I am using a Spark Core to control a LEGO train (link here). Works great - however - the train took a few tumbles (have been running demos with it the last 2 weeks with lots of kids). Now, even when disconnecting everything and just plugging in the Core to USB, the Spark runs really hot, to the point that you burn your fingers if you try to press the RST button. I’m afraid something is broken - anyone have any pointers as to what might be wrong and how I can troubleshoot?
@PhilB, the onboard regulator may be damaged. Assuming your core actually runs, you may want to factory reset the Core and then measure the voltages at Vin, 3.3V and 3.3V* while powered via USB. Is it the cc3000 that is getting hot?

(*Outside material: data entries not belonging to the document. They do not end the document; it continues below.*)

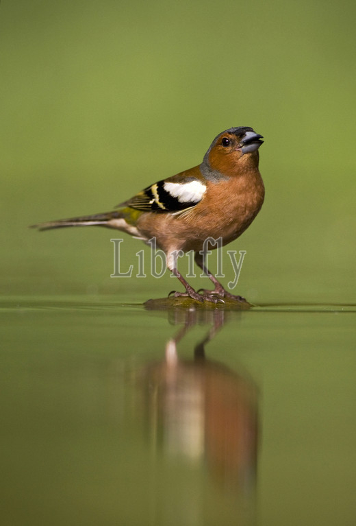 Male Common Chaffinch drinking at drinking site, Fringilla coelebs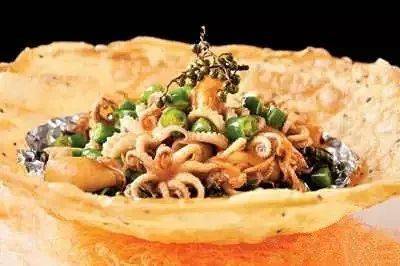 此菜口味上选用自制鲜辣汁调味,鲜辣十足,辣而不燥,十分符合现代人追求口味刺激的特点,区别于单一的辣味,更加复合,便于客人接受;在装盘上采用自制面皮锅盏,不仅起到盛装菜品、使之更加美观的作用,还可以直接佐食,符合现今的菜品盘饰可食用性的潮流。口味与美观、潮流与实用并重,深受顾客欢迎。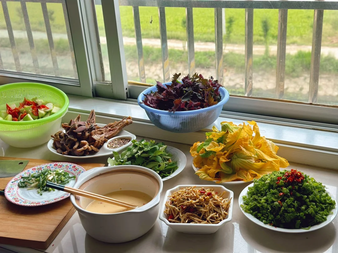在老家最开心的事情就是每天都可以和妈妈一起做饭,食材基本上也都是纯天然的,吃得安心 今日分享:炸紫苏叶花椒叶,凉拌折耳根,卤货也是自己做的,还有毛豆,清炒南瓜尖,辣椒炒丝瓜,炒魔芋豆腐!都是喜欢吃的菜! 小的时候总想逃离的地方如今却很向往,一家人在一起简简单单,自家种的蔬菜,清新的空气!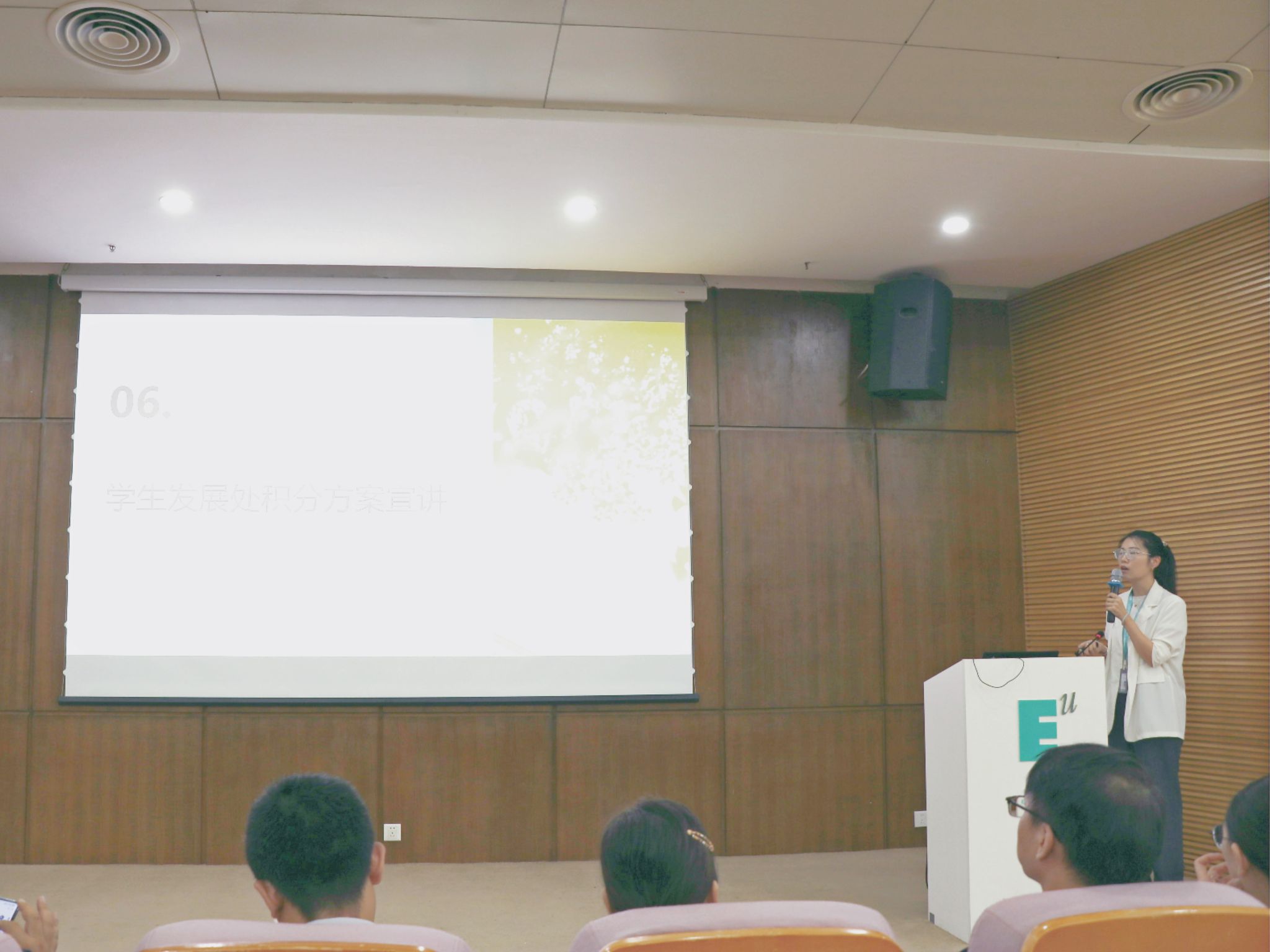 学生发展处李文瑞老师作《学生发展处积分方案宣讲》,进一步优化积分激励机制,促进各部门良性竞合。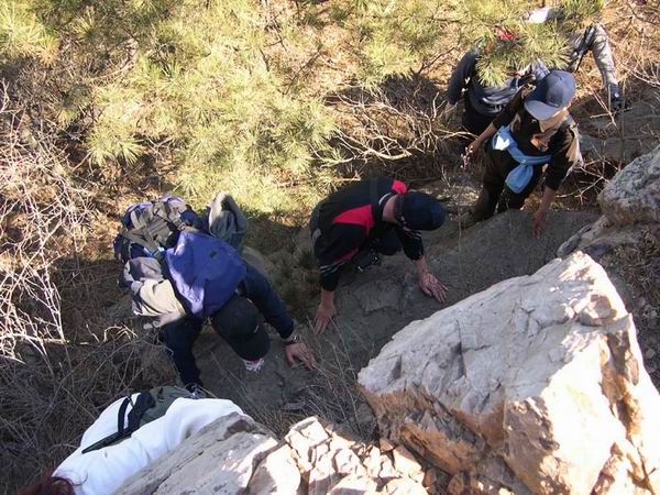 老九走后,剩下了十一个人,在虎滩新区的一个街心广场上我们简单的吃了午餐,大约13:00,我们找了个最高的山头爬了上去,也许没有找到合适的上山路线,上山的时候挺困难,到了山顶就看见明显的小路了。顺着小路我们一直向前,大约16:00走到山屏街,出口位于山屏街桥东侧的人字形的公路处。其实这条线路是我一直想走没机会走的一个路线,山屏街-石槽线路,我个人觉得这是个经典线路,特点是:山都不是很高,山上足迹明显,山体相连无隔断,山上植被很好,因为近社区,山上各个方向的路很多,是锻炼头驴方向感和判断力的好线路。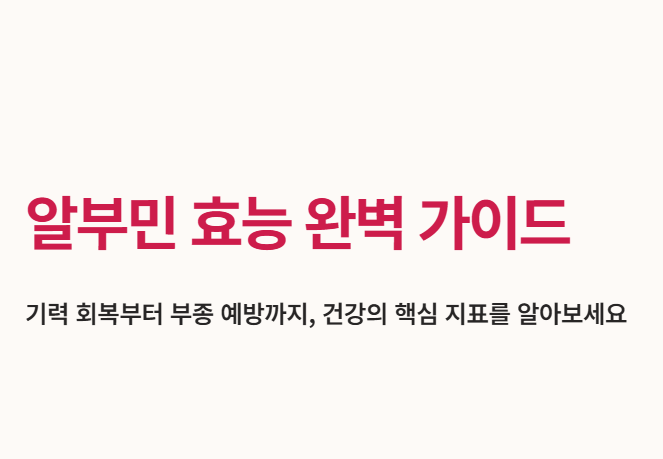 - 영양제 과신 금지: 시중의 알부민 영양제는 '단백질 보충제' 성격이 강하므로, 수치를 직접 올리는 알부민 효능과는 차이가 있을 수 있습니다.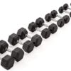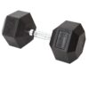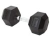 The Rubber Hex Dumbbell features durable rubber-covered heads for increased safety and comfort. The rubber coating increases durability, protects flooring and equipment, enhances appearance, diminishes noise, and is easy to clean. The heads are permanently affixed to a thick solid steel shaft improving the strength of the head / handle joint. The knurled chrome handles are ergonomically contoured to fit comfortably in the palm of the user. Rubber Hex dumbbells are a great addition to any workout space.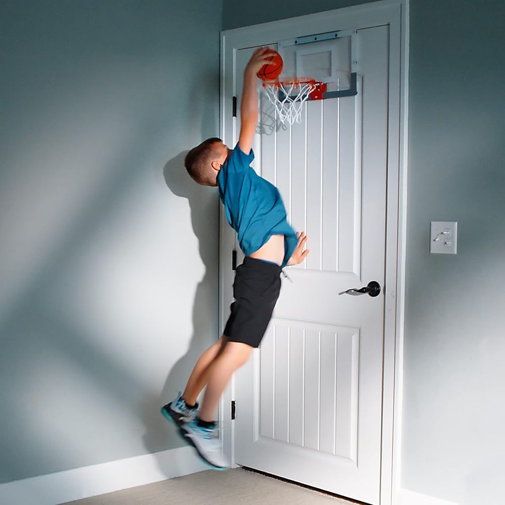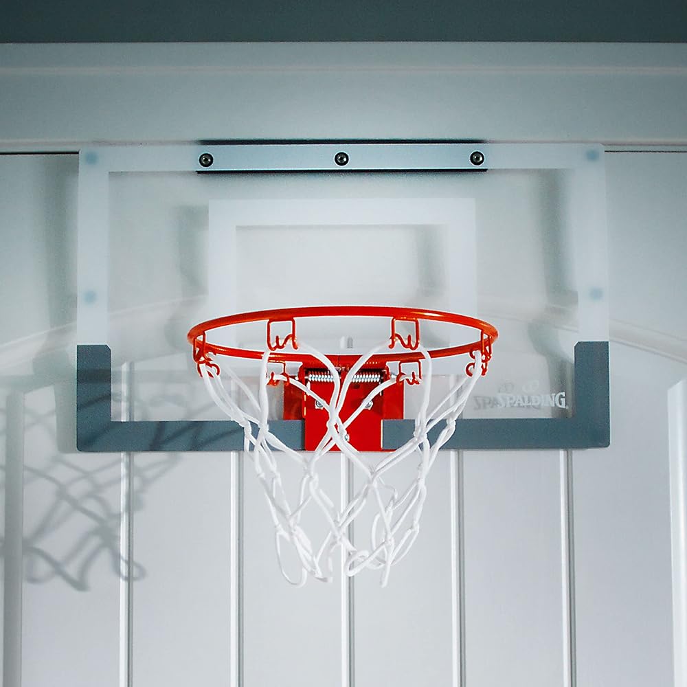 No court, no problem. This over-the-door unit lets you sink shots from your office chair or living room couch. A quarter-scale replica of the official on-court backboard, it has a clear, durable board and steel breakaway rim.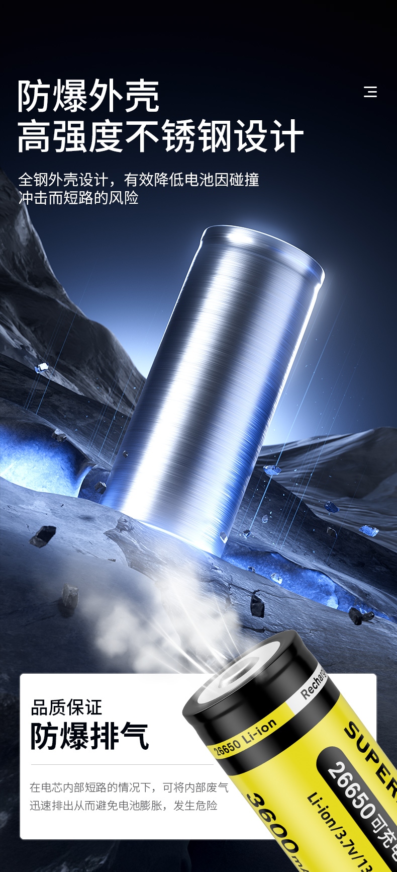 2、防爆外壳,高强度不锈钢设计,有效降低电池因碰撞,冲击而短路的风险;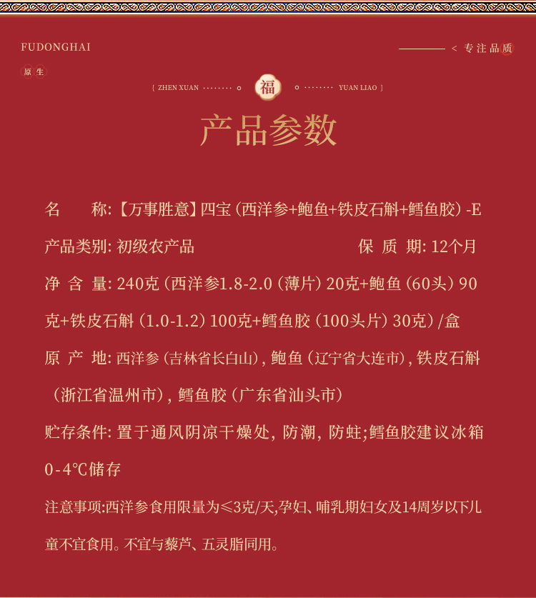 福东海【万事胜意】四宝(西洋参+鲍鱼+铁皮石斛+鳕鱼胶)-E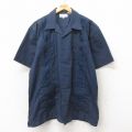 【商品名】 XL★古着 半袖 キューバ シャツ メンズ 刺繍 大きいサイズ ロング丈 紺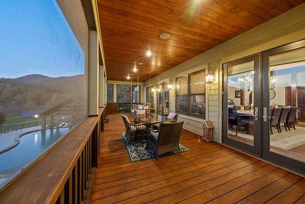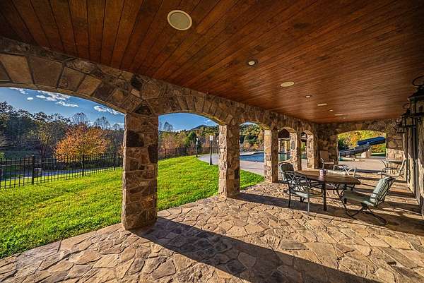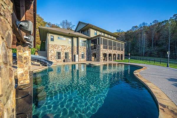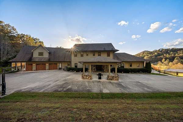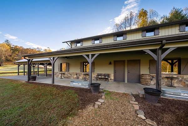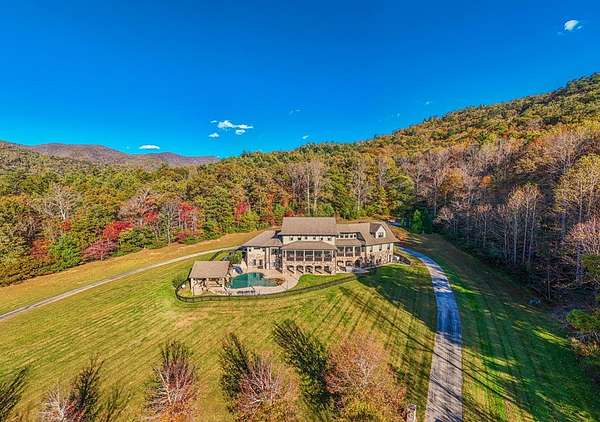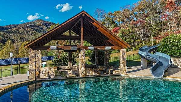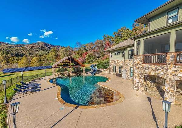 Escape to mountain luxury at Tessentee Farm. This breathtaking property is a truly unique opportunity. Sitting on over 83 acres of land, this home has everything you can dream of. The main level is where you'll find the spacious primary bedroom and ensuite including a jetted tub and walk-in shower. On the main level you will also find the kitchen and living area, along with a screened in porch to take in the gorgeous mountain views. The second level is complete with 4 bedrooms with ensuites and a bonus room for storage or additional living space. The lower level is where you'll find the entertainment area, along with a second full kitchen. Also on the lower level are 2 more bedrooms and 2 more bonus rooms. Stepping outside you'll find the large heated swimming pool equipped with a water slide and a covered bar area connected to it. Making your way down the driveway you'll find the large, heated/cooled barn, perfect for hosting events and gatherings. 3 guest cabins are found across the street for family and visitors. Paved roads and a gated entrance add to the list of amenities this property has to offer. Check out commercial listing for information on the Wedding and Event Center!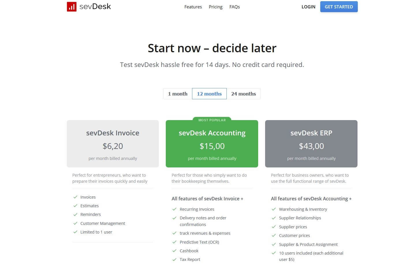 To use sevDesk, you must have a monthly sub­scrip­tion, which costs money. If you don’t need extensive features for book­keep­ing and man­age­ment, you will probably have all your needs met by the “invoice” package.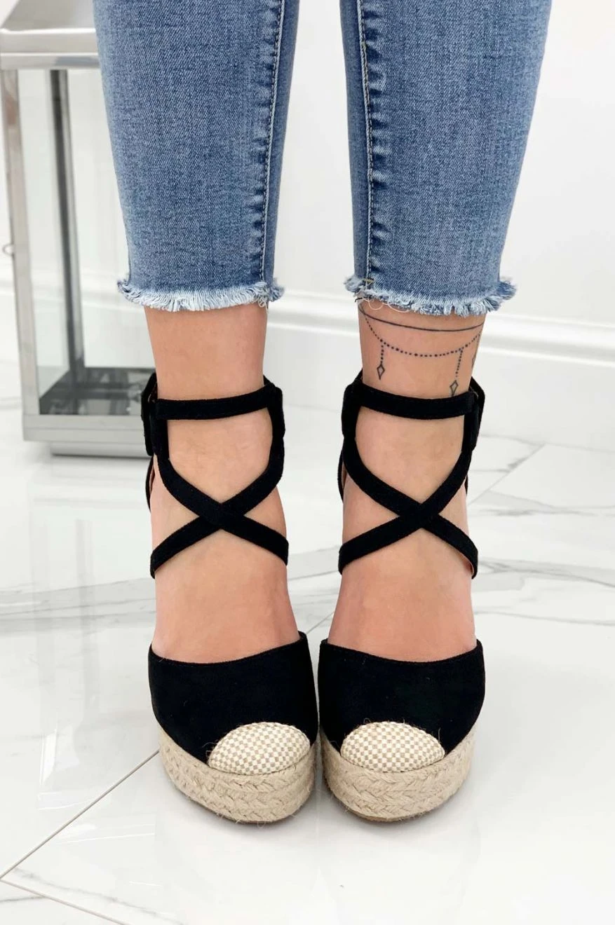 Espadrilles Nere Con Zeppa E Fasce Ad Incrocio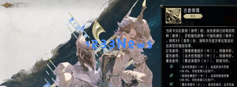 特性古音律调是阿卡贝拉的独特机制,初始携带三个音符。消耗红色音符可提升队友30%物理伤害,蓝色音符则能提升30%法术伤害,这些增益效果都能持续15秒。通过合理运用这些音符,阿卡贝拉能针对不同战斗需求为团队提供精准的辅助支援。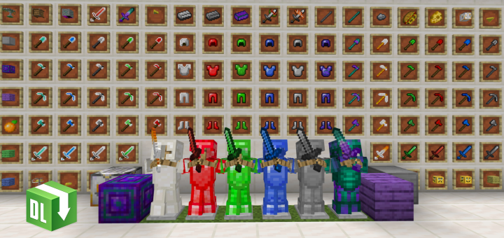 Enjoy the beauty of having even more tools if you have some redstoen, emerald, lapis and quartz laying around without any use then this addon is for you!!! This addon brings 6 new armor types to your game, 15+ new decorative blocks and 50+ new tools to play with. Feel free to enjoy these items in survival as you like.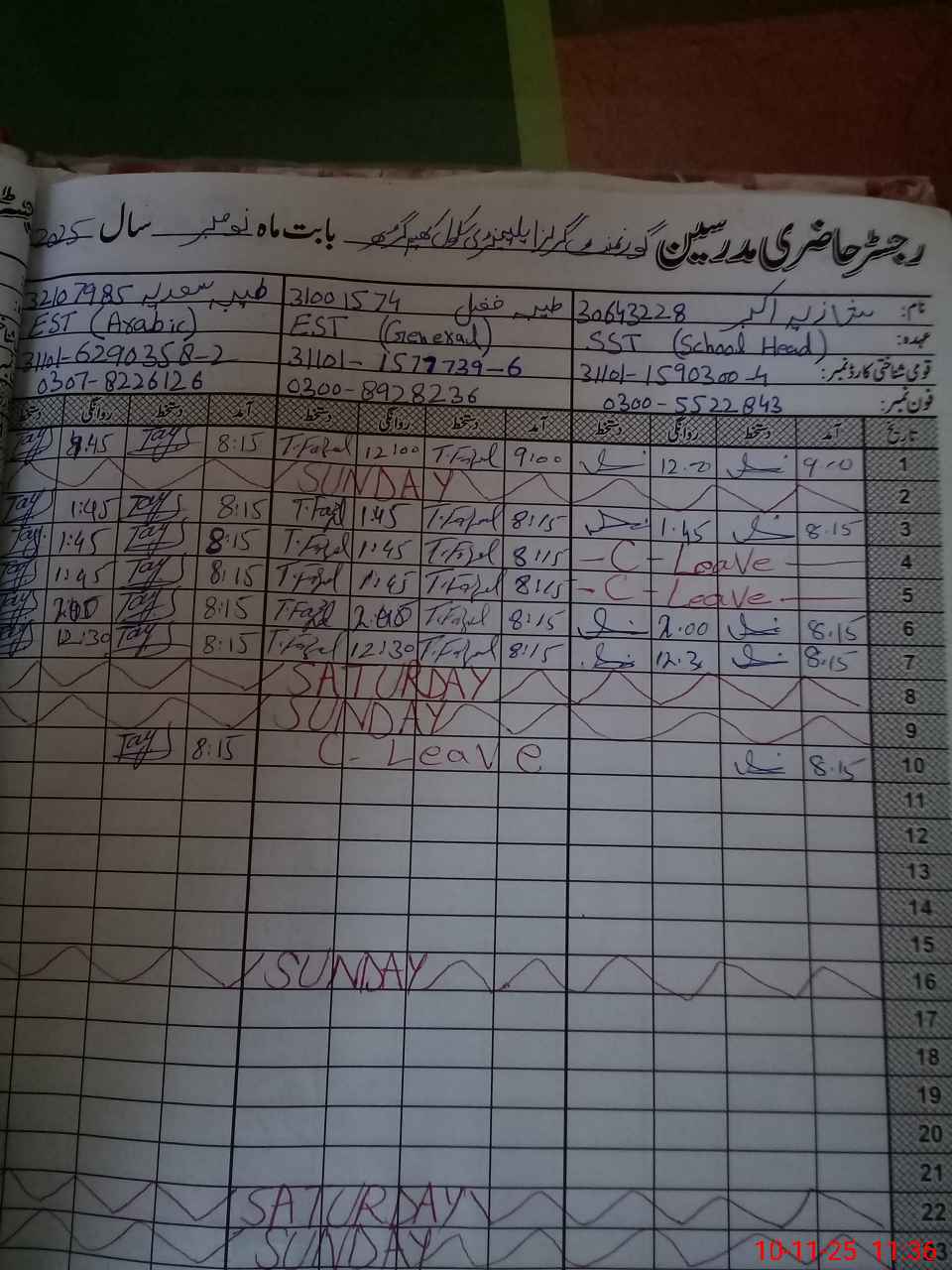 | CNIC | Full Name | Designation | R/C | Absence During Last Calender Month |

@peekay123: Here are the voltages compared against the GND pin of the core:
VIN = 4.42V
3V3 = 3.28V
3V3* = 3.27V
That seems to be within spec - the VIN is perhaps a little low. It is indeed the CC3300 that is superhot - but I have done a full reset of the Core and now the temperature is much more under control - going to reconfigure it via USB serial, then reflash and rewire my circuitry to see if the issue was perhaps a bitflip somewhere in the memory causing a loop of some sort … will post back soon
It seems to work again - still debugging why same circuit, same program suddenly refuses to let the motor turn backwards but that is likely not a topic for this forum. Unit still gets hot - hotter than I ever recall before yesterday (touch one of the pins next to the RST button and you can feel heat) but you can actually place a finger on the CC3300 now without burning it - which was not the case this morning - so that’s progress.
@PhilB, the question is whether it is the cc3000 getting hot or the STM32 on the opposite side of the board heating it up? I would look for excessive current draw on the I/O pins as a start. If possible, can you measure the current draw on the USB side?
Under some circumstances, the LDO on the core can oscillate - which may lead to overheating as you describe, and assorted flakiness.
The prime cause appears to be noisy Vin/USB supply, which may be your situation if you have motors involved, I have also seen it with cheap USB wall warts and other 5V supplies that have switchers inside that generate enough ripple to provoke the LDO into oscillation. This will not show up with a multimeter, you need an oscilloscope to see it.
Thanks @AndyW and @peekay123 - I have a (basic) oscilloscope so will take a look tomorrow, and I have a USB Volt/Amp meter as well so I can do both measurements as you suggested. After switching out my DRV8835 driver for a DRV8838, then switching back to my DRV8835 but now in EN/PH mode, I’ve gotten all functionality back, and the train performed well tonight when it ran for 3 hours straight at my expo booth. Didn’t notice any excessive heat issues. I think that somehow my DRV8835 has been damaged and does not work correctly anymore in IN/IN mode - I couldn’t get it to do a reverse, though all input signals seemed to be ok (when measured with my multimeter). Switching both the circuit and the mode made it work again. This might have been where the heat build-up came from.
Oh - and my circuit has its own LDO (to go from 9V battery power to 5V power for my circuits including powering the Spark) and that thing was smoking hot when the issues happened, which might indicate that something was indeed pulling an excessive amount of current.
Actually no - I’m using a mini-RFID reader from seeedstudio. I have several RC522’s on order to try out (at less than $3.50 per reader I just couldn’t resist ) to see if this gives me an easier way to replicate tags (TK4100/EM4100 125Mhz tags are read-only, though I am also still playing with a tag copier to see if the reader picks up EM4305 or T5557 tags).